She nodded hesitatingly. Then, encouraged by his cynical, good-humored laugh, "Though feminine doesn't quite express it. There isn't enough of the primitive man left in you for a woman of my temperament. You have been superrefined, Boris. You are too understanding, too sympathetic for a feminine woman like me. There are two persons to you—one that feels, one that reasons—criticises—analyzes—laughs. I couldn't for a moment forget the one that laughs—at yourself, at any who respond to the you that feels. I suppose you don't understand. I'm sure I don't."
"'You are my life, the light on my path.'"
"Vaguely," said he, somewhat absently. "Who'd suspect it?"
"Suspect what?"
"That there was this—this coarse streak in you—this craving for the ultramasculine, the rude, rough, aggressive male, inconsiderate, brutal, masterful?"
"A coarse streak," she repeated, half in assent, half in mere reflection.
He surveyed impersonally her delicately feminine charms, suggesting fragility even. "And yet," he mused aloud, "I should have seen it. What else could be the meaning of those sharp, even teeth—of the long slits through which your green-gray-brown-blue eyes look. And your long, slim, sensitive lines——"

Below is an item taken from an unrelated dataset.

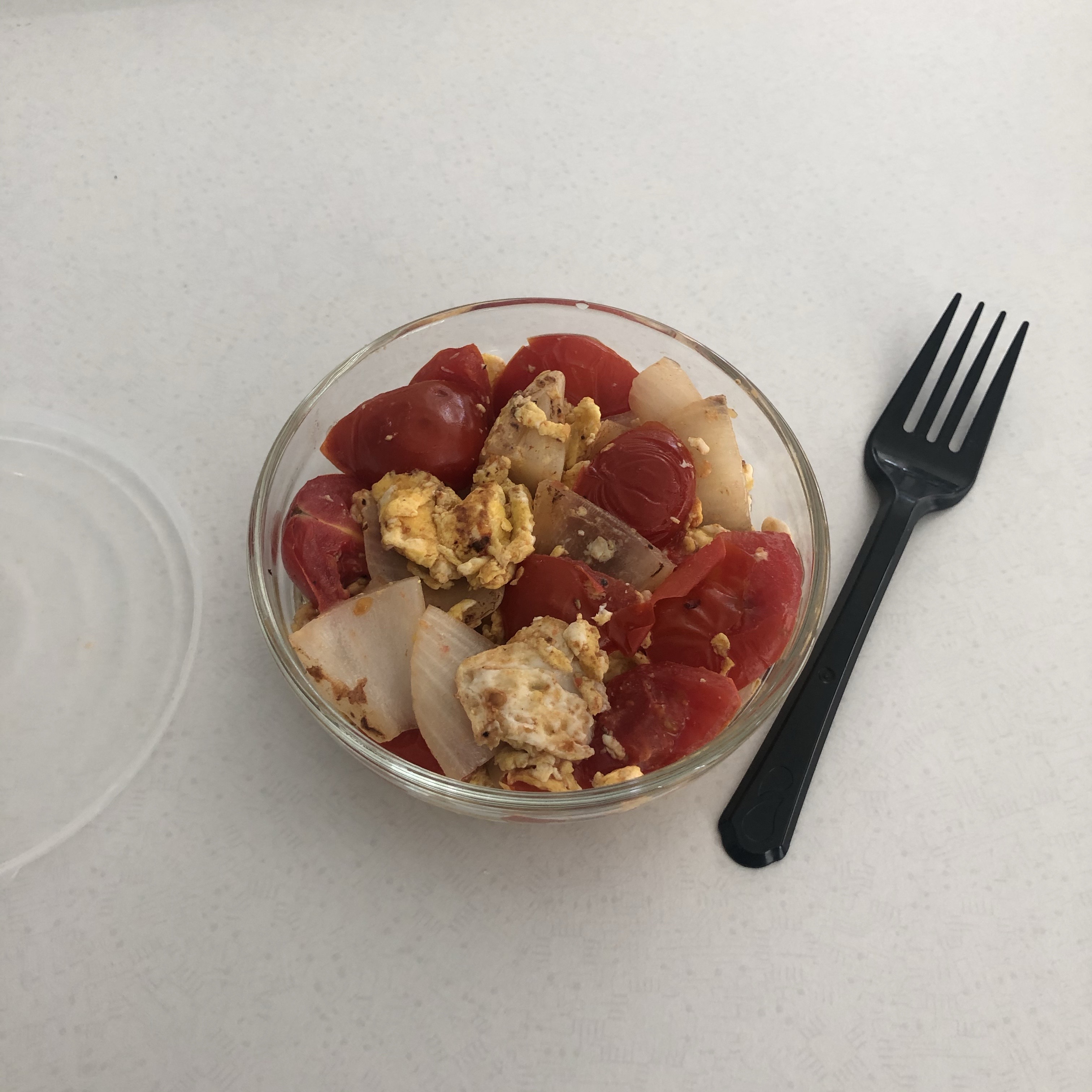 중불에 계란 좀 스크랩블 하다가 양파넣고 토마토 넣고 스리라차소스 좀 넣고 볶아버려~

The impersonal faded into the personal, the Boris that analyzed into the Boris that felt. The appeal of her beauty to his senses swept over and submerged his pose of philosopher. His eyes shone and swam, like lights seen afar through a mist; the fingers that held the cigarette trembled. But, as he realized long afterwards, he showed then and there how right she was as to his masculinity. For, his was the passive intensity of the feminine, not the aggressive intensity of the male; instead of forgetting her in the fury of his own baffled desire and seizing her, to crush her until he had wrung some sensation, no matter what, from those unmoved nerves of hers, he restrained himself, hid his emotion as swiftly as he could, turned it off with a jest—"And I've let my coffee grow cold!" He was once more Boris of the boyish vanity that feared, more than ridicule, the triumph of a woman over him. He would rather have risked losing her than have given her the opportunity to see and perhaps enjoy her power.
Presently Narcisse came into view. The lamp was relighted; the three talked together; he was not alone with Neva again, made no attempt to be.